Exercise instructions
For each record below, output its text exactly and skip any picture.

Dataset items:
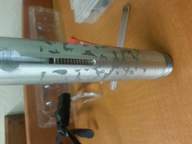 Sumerja el hisopo en la solución de sal y arrastre lentamente a través del área a ser grabadas. Silbido y lentamente corroer el metal. La tensión más alta utiliza el más agresivo será su grabado, pero también producirá gas de cloro que huele terrible y daña cualquier tejido suave toque (pulmones, ojos, etc.)
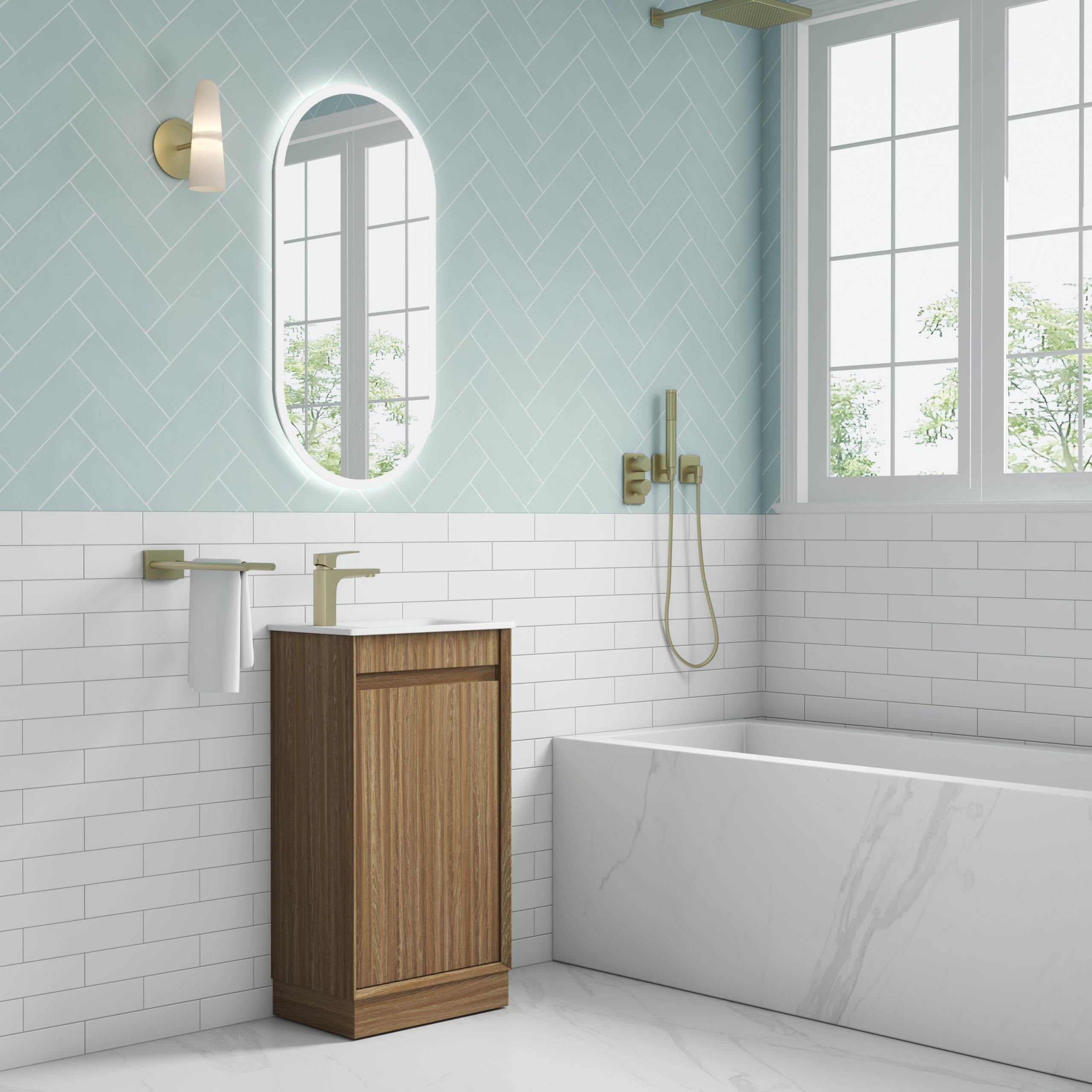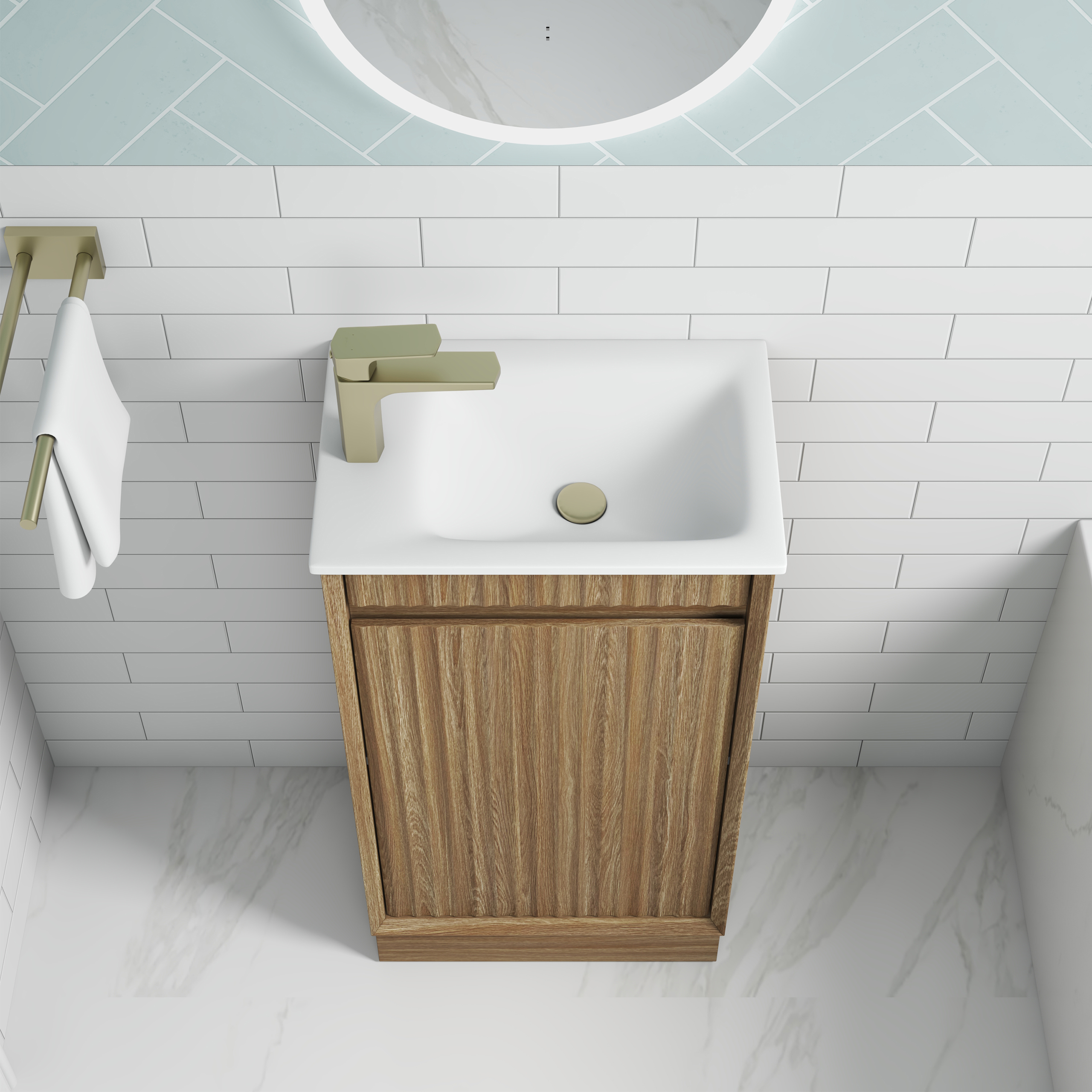 This Mini Vanity is a stylish space-saver with a big design impact. Featuring a refined bevel edge design and crafted from premium-grade, durable timber plywood, it delivers both strength and elegance. The contemporary wave groove in thermo laminate harvest oak colour finish adds rich texture and visual depth, while minimalist finger pull drawers maintain a clean, modern profile. Inside, a premium graphite interior offers a touch of luxury and smart storage—perfect for compact bathrooms that don’t compromise on style.
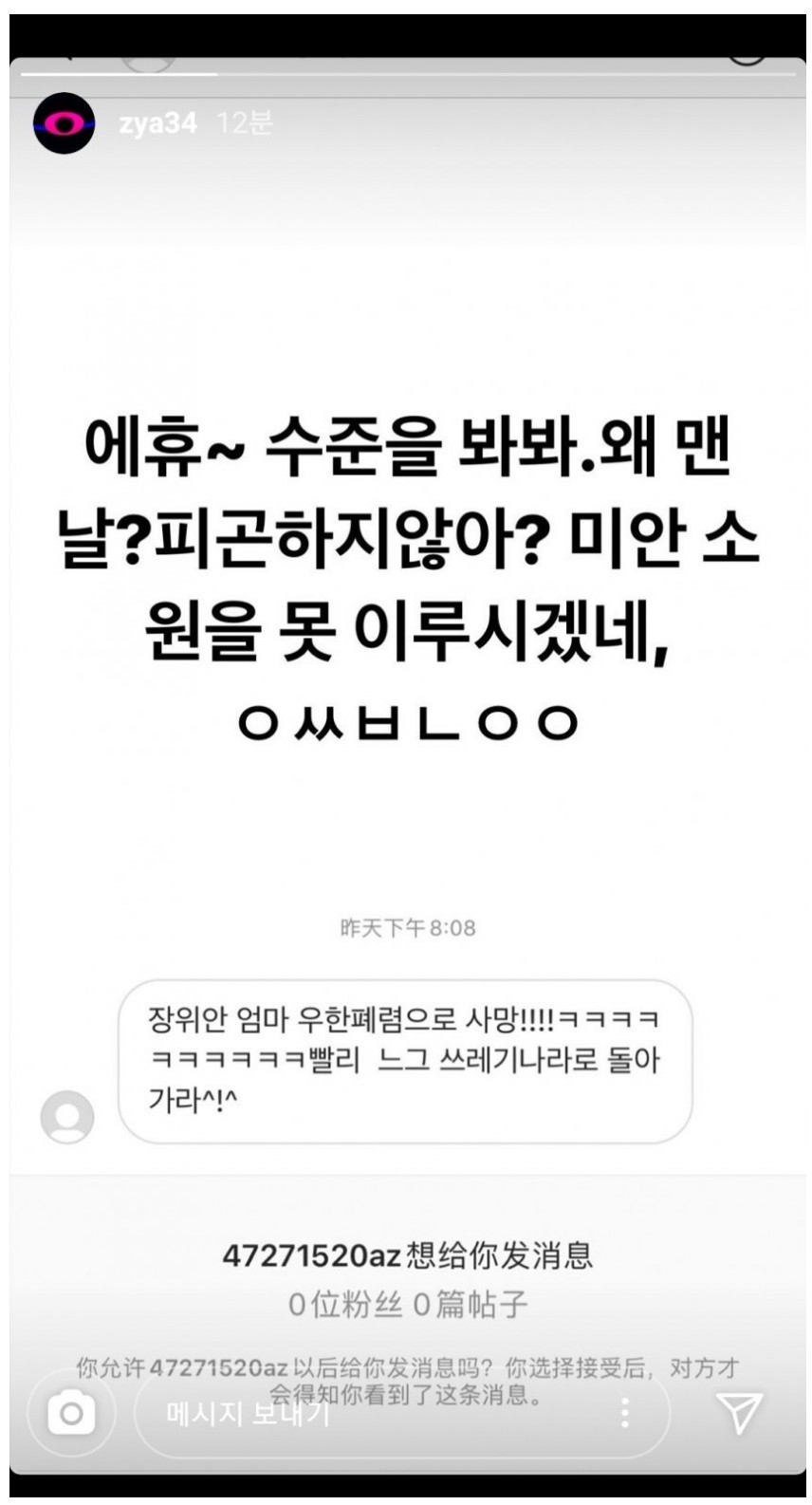 | Subject | 중국인 장위안이 받은 인스타 DM |
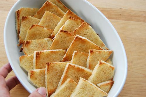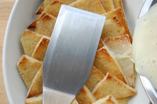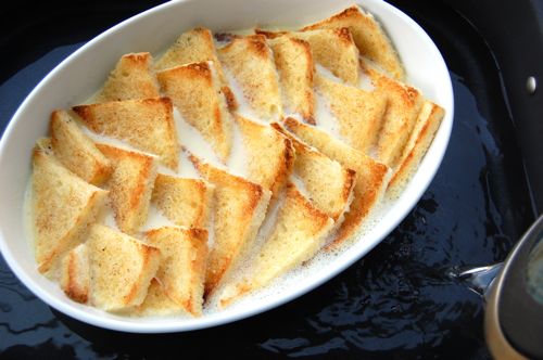 Strain the custard into another bowl, then slowly pour it into the baking dish. Use a spatula to keep the toast from floating around too much.
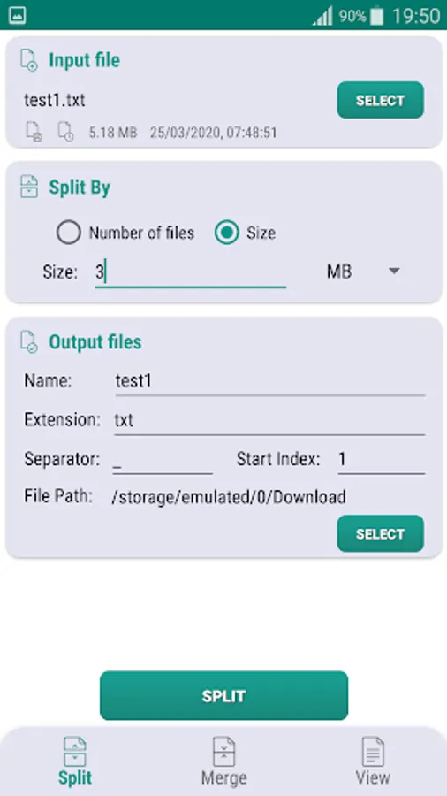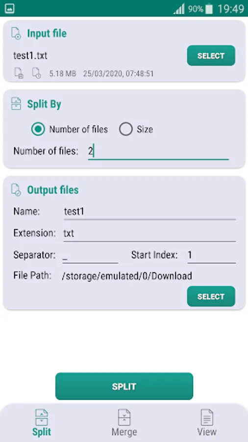File Splitter & Merger is an Android tool which allows you to split any file into smaller files or merge multiple files into one.
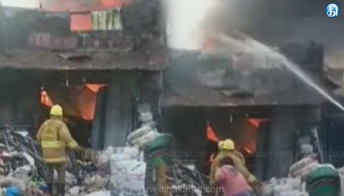 தேனி மாவட்டம் ஆண்டிப்பட்டியில் பழைய இரும்பு கிடங்கில் தீ விபத்து: ரூ.10 லட்சம் மதிப்பிலான பொருட்கள் தீயில் எரிந்து நாசம்
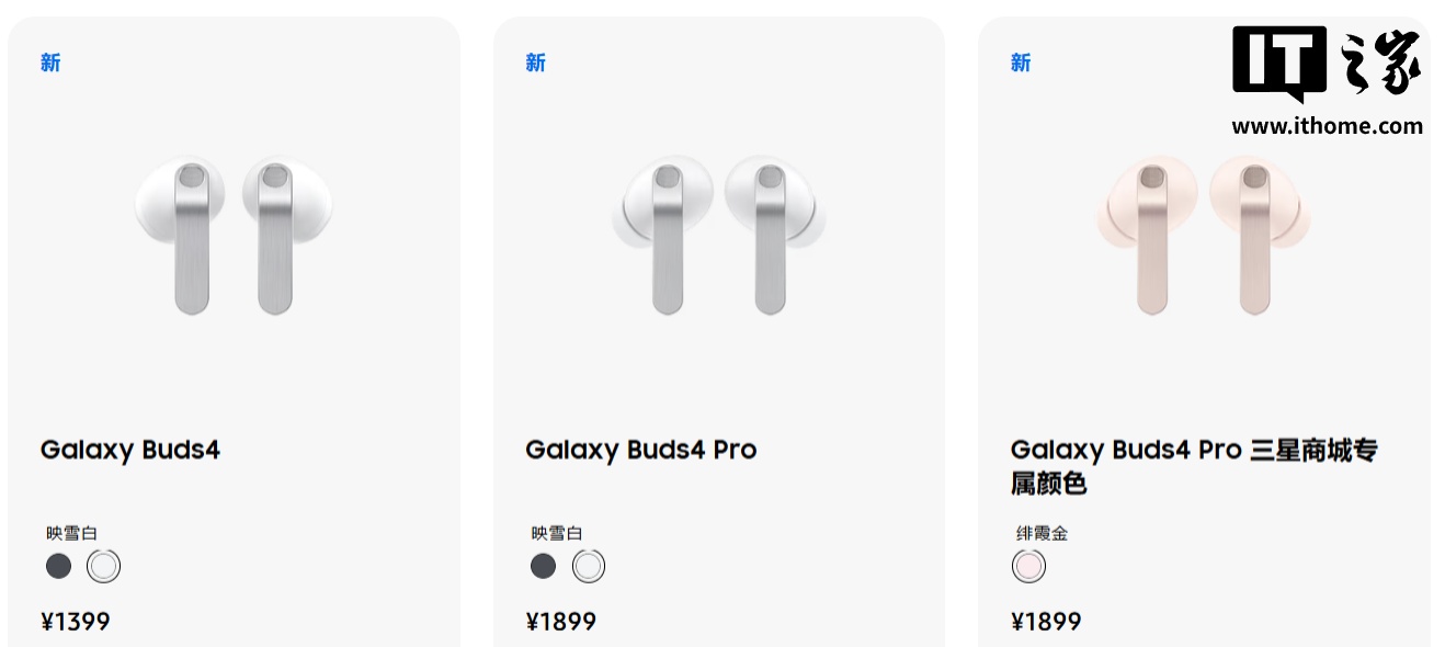 IT之家 2 月 26 日消息,在今日的三星 Galaxy Unpacked 发布会上,三星发布了 Galaxy Buds4 和 Galaxy Buds4 Pro 无线耳机,售价分别为 1399 元和 1899 元。
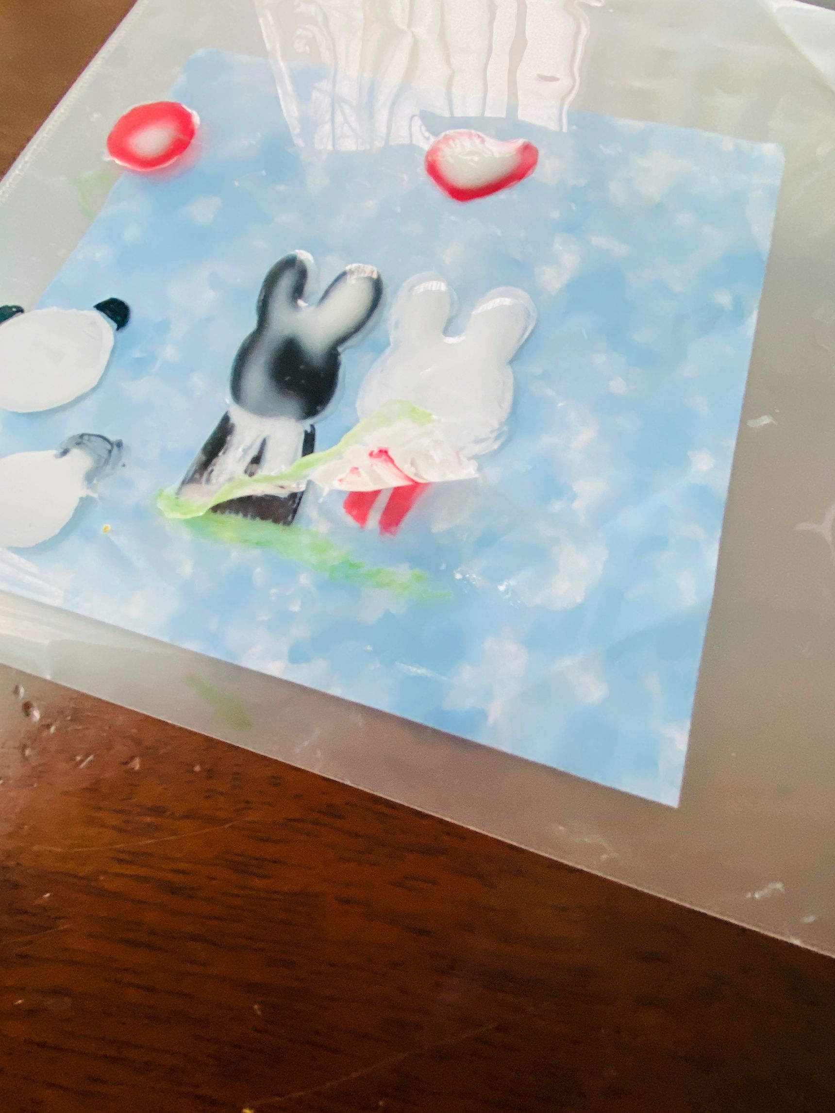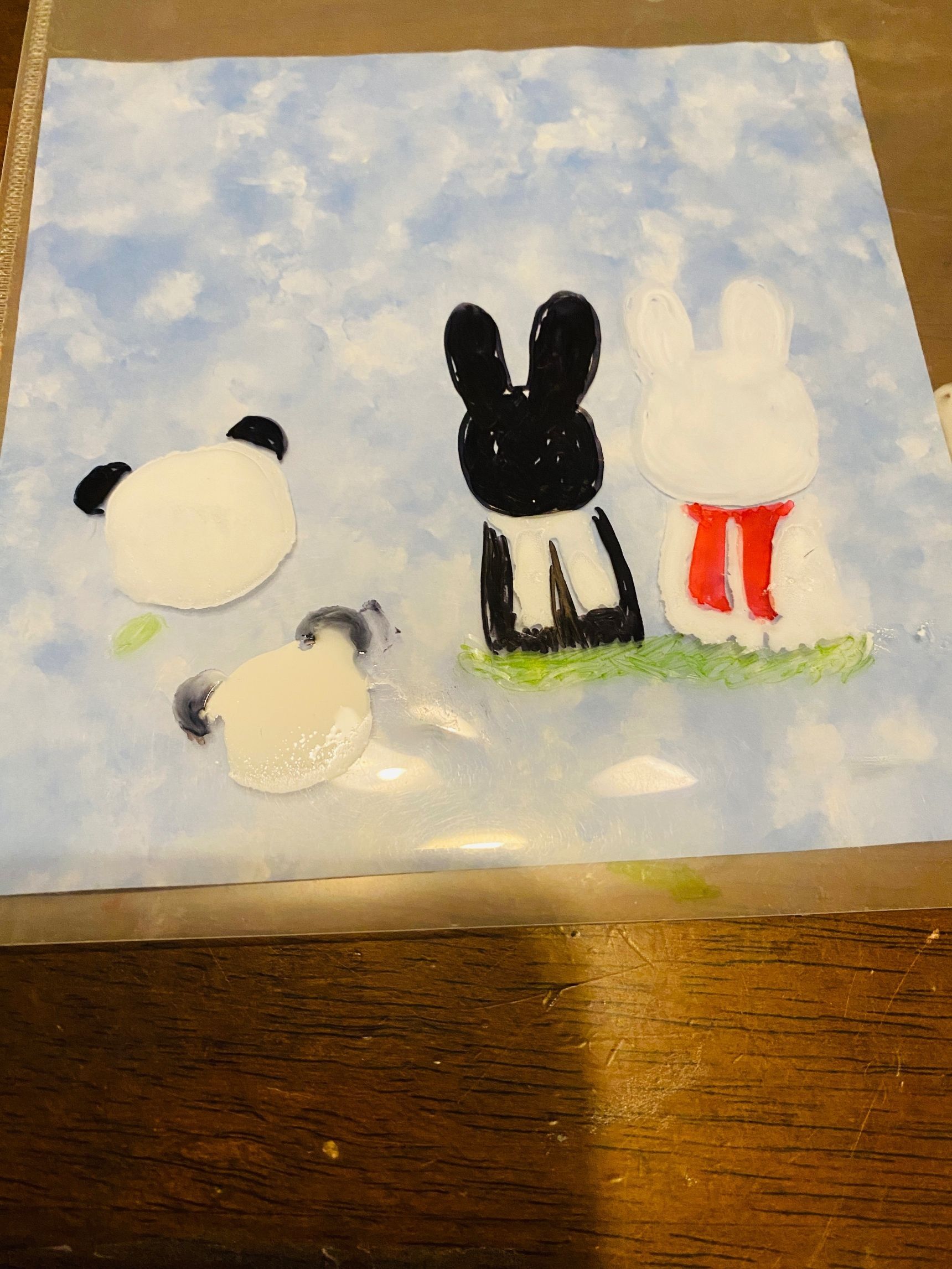 クリアファイルの上に、油性マジックで好きな絵を描きます。

Written solution
 Sumerja el hisopo en la solución de sal y arrastre lentamente a través del área a ser grabadas. Silbido y lentamente corroer el metal. La tensión más alta utiliza el más agresivo será su grabado, pero también producirá gas de cloro que huele terrible y daña cualquier tejido suave toque (pulmones, ojos, etc.)
 This Mini Vanity is a stylish space-saver with a big design impact. Featuring a refined bevel edge design and crafted from premium-grade, durable timber plywood, it delivers both strength and elegance. The contemporary wave groove in thermo laminate harvest oak colour finish adds rich texture and visual depth, while minimalist finger pull drawers maintain a clean, modern profile. Inside, a premium graphite interior offers a touch of luxury and smart storage—perfect for compact bathrooms that don’t compromise on style.
 | Subject | 중국인 장위안이 받은 인스타 DM |
 Strain the custard into another bowl, then slowly pour it into the baking dish. Use a spatula to keep the toast from floating around too much.
File Splitter & Merger is an Android tool which allows you to split any file into smaller files or merge multiple files into one.
 தேனி மாவட்டம் ஆண்டிப்பட்டியில் பழைய இரும்பு கிடங்கில் தீ விபத்து: ரூ.10 லட்சம் மதிப்பிலான பொருட்கள் தீயில் எரிந்து நாசம்
 IT之家 2 月 26 日消息,在今日的三星 Galaxy Unpacked 发布会上,三星发布了 Galaxy Buds4 和 Galaxy Buds4 Pro 无线耳机,售价分别为 1399 元和 1899 元。
 クリアファイルの上に、油性マジックで好きな絵を描きます。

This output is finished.